EXERCISE AIM — Transcribe the listing verbatim. Do not carry over any pictures.

START DATASET EXTRACT

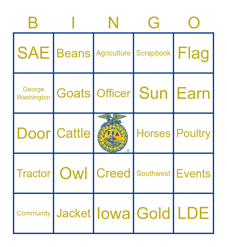 This bingo card has a free space and 30 words: Jacket, Blue, Cattle, Fair, SAE, Agriculture, Goats, Creed, Horses, Iowa, Poultry, LDE, Gold, Learn, Earn, National, Southwest, Tractor, Owl, Flag, Door, Corn, Beans, Sun, George Washington, Scrapbook, Events, Community, Officer and Tally Whacker.
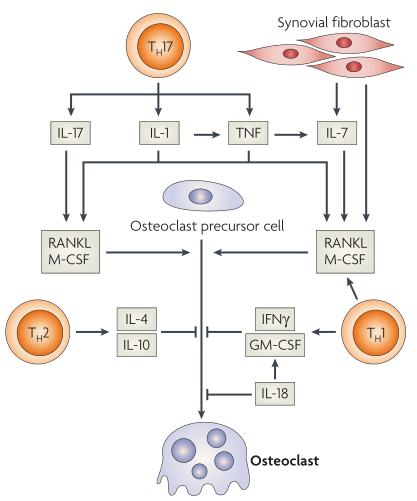 Fig:The key factors that regulate osteoclast differentiation in rheumatoid arthritis.
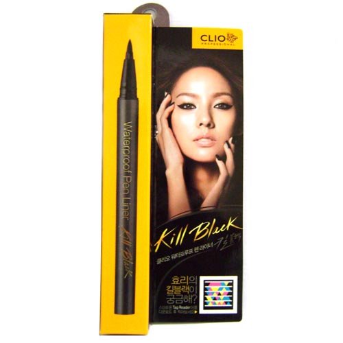 Winner of 2014 In Style Magazine Korea's Star Beauty Award, 2014 Solo Glam Best of Beauty, 2011 Marie Claire Korea's Beauty Editor's Pick, 2013 Allure Korea Magazine Best of Beauty, this is a Clio icon and classic that speaks for itself. Clio Professional is a legendary brand respected and loved by makeup artists, beauty editors and consumers alike for its iconic eyeliners and mascaras. The Kill Black and Kill Brown series have been steady bestsellers for years and is considered Korea's bestselling eyeliner of all time. Millions have been sold across Asia for its gorgeous shades of black and brown and amazing application. A new and improved formula with an airtight locked cap makes the Clio Waterproof Pen Liner unbeatable! Formulated with Carbon Black, the Kill Black Pen Liner comes in a spongy felt-tip applicator and allows for effortless dramatic winged lines or barely-there, precise lines that will last all day and night. Smudge-proof, waterproof, and easy to use and cleanse, it was designed for makeup pros and newbies alike. No flaking, no smudging-this is liquid eyeliner revolutionized.
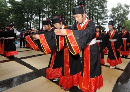 Students who study Chinese national culture worship during a commemorative ceremony for Qu Yuan, the venerable patriotic poet of the Chu State in the Warring States Period (476 - 221 BC), in Wuhan, capital of central China's Hubei Province, May 28, 2009.

END DATASET EXTRACT

RESPONSE TO THE TASK —
 This bingo card has a free space and 30 words: Jacket, Blue, Cattle, Fair, SAE, Agriculture, Goats, Creed, Horses, Iowa, Poultry, LDE, Gold, Learn, Earn, National, Southwest, Tractor, Owl, Flag, Door, Corn, Beans, Sun, George Washington, Scrapbook, Events, Community, Officer and Tally Whacker.
 Fig:The key factors that regulate osteoclast differentiation in rheumatoid arthritis.
 Winner of 2014 In Style Magazine Korea's Star Beauty Award, 2014 Solo Glam Best of Beauty, 2011 Marie Claire Korea's Beauty Editor's Pick, 2013 Allure Korea Magazine Best of Beauty, this is a Clio icon and classic that speaks for itself. Clio Professional is a legendary brand respected and loved by makeup artists, beauty editors and consumers alike for its iconic eyeliners and mascaras. The Kill Black and Kill Brown series have been steady bestsellers for years and is considered Korea's bestselling eyeliner of all time. Millions have been sold across Asia for its gorgeous shades of black and brown and amazing application. A new and improved formula with an airtight locked cap makes the Clio Waterproof Pen Liner unbeatable! Formulated with Carbon Black, the Kill Black Pen Liner comes in a spongy felt-tip applicator and allows for effortless dramatic winged lines or barely-there, precise lines that will last all day and night. Smudge-proof, waterproof, and easy to use and cleanse, it was designed for makeup pros and newbies alike. No flaking, no smudging-this is liquid eyeliner revolutionized.
 Students who study Chinese national culture worship during a commemorative ceremony for Qu Yuan, the venerable patriotic poet of the Chu State in the Warring States Period (476 - 221 BC), in Wuhan, capital of central China's Hubei Province, May 28, 2009.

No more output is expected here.